The future of work is world models
Why we need to build Starcraft for CEOs
Here’s a thing I keep coming back to. Within a few years, the average company is going to have dramatically more AI agents running than human employees. Agents handling customer inquiries, doing sales service, monitoring assets, running pricing experiments, flagging exceptions, managing vendors, and so on and on.
When that happens, running a business starts to look like a videogame. Hundreds of autonomous entities operating across a complex environment. Agents will be working inside work devices. They’ll be talking to customers, they’ll be available 24/7. They’ll spawn new agents and combine old ones. They’ll have email addresses and Slack accounts. They’ll be colleagues.
But, how do you play this videogame? Hundreds of windows and tabs, for each digital employee, or for each department? Autonomous can’t mean no oversight. Humans are autonomous and we get oversight. When thousands of agents are making thousands of decisions a day, you can’t manage the old way, by check-ins and check-outs and quarterly reviews. You have to find a new way, manage by exception - scanning for anomalies, reviewing what broke, simulating what to do next. As my friend James Cham said, work used to be first person shooter, where you’re directing every movement and every shot, which is what we do today, and it might become more like Starcraft, where you have to move people and agents around to achieve your objectives.
And to do that requires a model of the business underneath. This mostly exists today in various people’s heads but rarely is explicit. We can’t even stay on top of our emails, much less a thousand or a hundred thousand workers. A big benefit of digital labour though is that you can have a precise state of the business at every point in time.
We have solved this problem before. When we needed to figure out how to train autonomous cars, for instance, we needed an environment that’s realistic and the ability to run “what ifs” in a controllable simulation. Waymo and Tesla built these as World Models. The equivalent for business already exists in the heads of management in every company. Every CEO is constantly running “what happens if I do x” in their heads. They just can’t operationalise it because there’s no ‘environment’ that reflects their business to run it on! World models already exist anywhere the environment is expensive, instrumented, and operationally constrained - factories, grids, airspace, battlefields, fabs, networks, wells, and warehouses.
What’s needed in the enterprise world is such a world model - an engine that knows the rules, tracks the state, understands and predicts consequences.
The environment would connect to the systems a company already runs, the information that is gathered, the agents it uses, and build a live operational model of the business. Scale it across companies and you have the training data to build a compelling environment and an even better world model!
There is no way to get to a world of AI agents as employees without something like this.
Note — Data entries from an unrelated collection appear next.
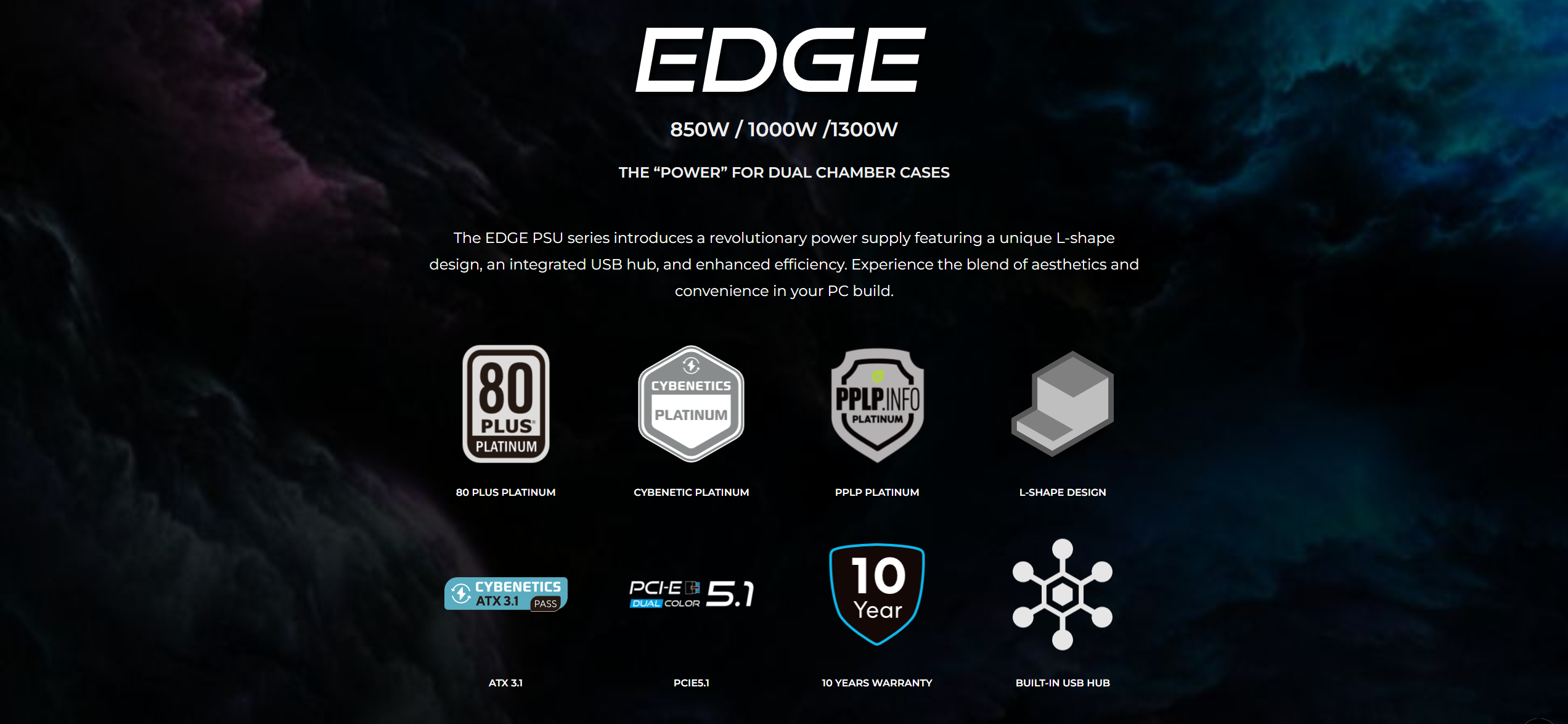 Engineered specifically for dual-chamber chassis such as the LIAN LI O11 series, the EDGE PSU’s L-shape design is ideal for vertical installation at the second chamber.
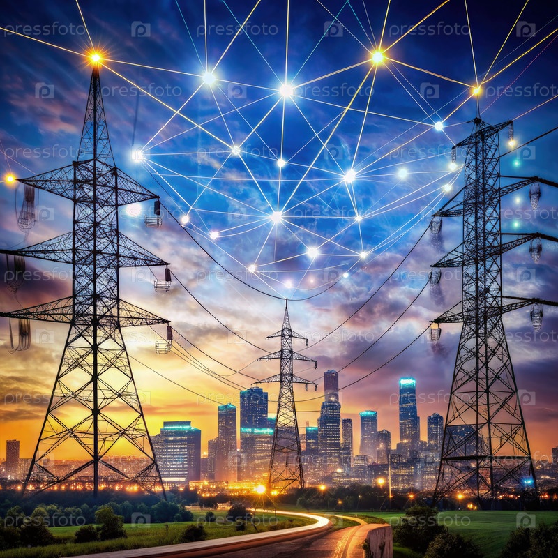 Сеть умных сетей соединяет городской пейзаж на рассвете. генеративный ИИ
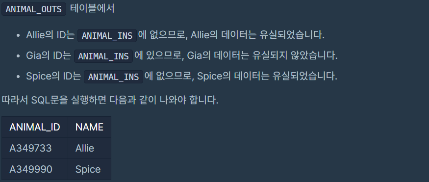 [프로그래머스] 없어진 기록 찾기 (MySQL, Level.3) 본문

We can’t build this abstractly in a box. The real economy is complicated. We have franchise systems - hundreds of locations running the same playbook with local variations. Multi-site healthcare - clinics, urgent care chains, dental groups, all drowning in disconnected EHRs and billing systems. Professional services networks - law firms, accounting firms, consulting shops with multiple offices that can’t see across their own operations. Real estate portfolios. Logistics networks.
Forget the architecture for a moment. Maybe let’s take an example, one vertical - say a real estate company.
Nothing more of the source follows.